Smurfs may be fatally vulnerable to neuropathogens
It's common knowledge that Gargamel — the hirsute, disproportionally-nosed wizard with questionable hygiene — was a generally negative influence on Smurf quality of life. But even if Gargamel had never awakened to the insatiable desire for Smurf-flesh, the lives of these diminutive hominids wouldn't be as carefree as you might imagine.
Smurfs likely possess an unusually fragile immune system, according to the documentary The Purple Smurf, originally airing in 1981. When an unidentified insect stung Lazy Smurf, a catastrophic contagious neurotoxin swept through Smurf Village in a matter of minutes. As Slash Film reports, infected Smurfs "turned an alarming shade of purple and began to shout GNAP GNAP!". Disaster was averted when Papa Smurf commenced inoculation trials on an infected Smurf, but this only raises deeper critical concerns about Smurf society's stance on medical ethics.
Smurfs lead a precarious existence, and their fragile physical condition is only exacerbated by their tendency to seek out unnecessary adventures in pathogen-rich environments.
Then there's the gender problem
There's also the difficult matter of gender. As pointed out in The Atlantic's searing exposee, "there's something odd about Smurfette, the lone female Smurf." Far from being a plucky, sky-hued female role model with a penchant for picking wildflowers, Smurfette is in fact a dangerous golem wrought by Gargamel. Smurf historians postulate she was created for the sole purpose of sowing discord among the healthily asexual all-male commune of Smurf village. It was only through well-meaning — but very real — cosmetic adjustment magic that Papa Smurf was able to transform Smurfette into the physically acceptable specimen of Smurfy womanhood she later became. The whole scenario is filled with ominous possibilities.
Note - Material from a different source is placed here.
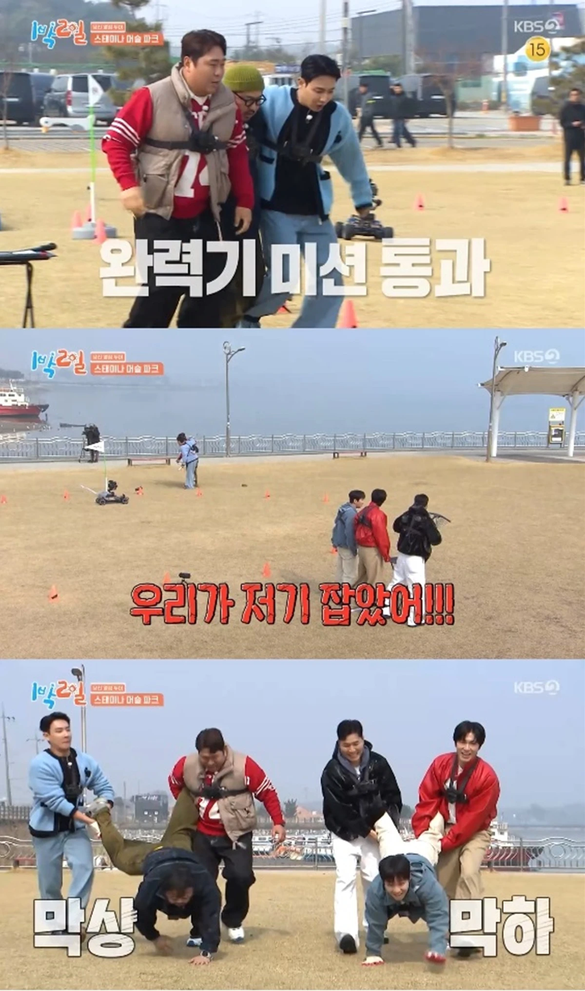 두 팀은 발이 묶인 상태로 완력기, 단체 줄넘기, 버피 테스트, 평균대 구간을 거치면서 상대 팀에게 잡히지 않아야 했다.
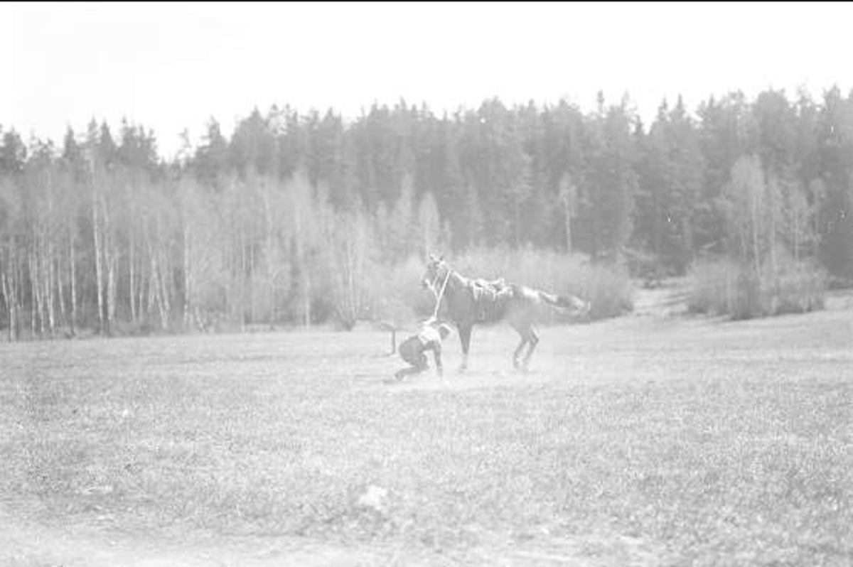 Skövde fältrittklubbs vårtävlingar. Troligen fälttävlans terrängritt i terrängen söder Sandfältet (södra fältet). "En stilla avsittning" mellan två hinder. Vad kan ha hänt?

But what if your mind rejects this dismal scenario? The alternatives could send a person spiraling into a miasma of grim realizations. Is the rarity of female Smurfs some fatal genetic flaw within the tribe's gene pool? Are these frail and elusive creatures doomed to extinction in mere decades, with younger Smurfs watching in dismay as their numbers slowly dwindle to nothingness? But if female Smurfs are indeed born... where are they? What is being done to them?
Smurfkind may well greet life's challenges with a cheerful smile and a song in their hearts — and all in an oddly convenient twenty-minute time slot. But perhaps behind that affability lies shadows of a much darker shade of blue.
Smurfs are biologically unique
Setting aside for a moment the possibility that Smurfs are entirely fictional, it's worth pointing out that assuming they do exist, they're biologically unique. The previously cited Terminally Incoherent article leaves a tantalizing trail of clues here. First, the removal of one's hat appears to be taboo for these creatures. Why? Then there's the unusual fact that a gifted (albeit widely-shunned) wizard repeatedly failed to breed Smurfs in captivity for research purposes. How can this be?
One interesting theory posited in Terminally Incoherent's seminal foray into Smurf morphology is that Smurfs are, in fact, mushroom symbiotes. The implications are dizzying. Perhaps the hat isn't a hat at all, but the cap of a psychoactive mushroom with a direct biological pathway leading directly to the Smurf's frontal cortex. If so, removal of the cap wouldn't merely cause social embarrassment. The act would be tantamount to performing a complete and likely irreversible lobotomy.
In one fell swoop, this theory covers off the mystery of Smurf reproduction and perhaps offers an intriguing explanation for why Smurfs seem to have an endless supply of mushrooms for habitation, ingenious evasion mechanisms, and so forth. Perhaps the entire Smurf community is some kind of meta-organism, an intelligent fungus unknown to (again, admittedly fictional) science?
It all begs the question: Is Smurf/human reproduction viable? While shrouded in mystery, history offers tantalizing clues that Homo Smurfeus may indeed once have roamed this planet. There's so much we've yet to learn.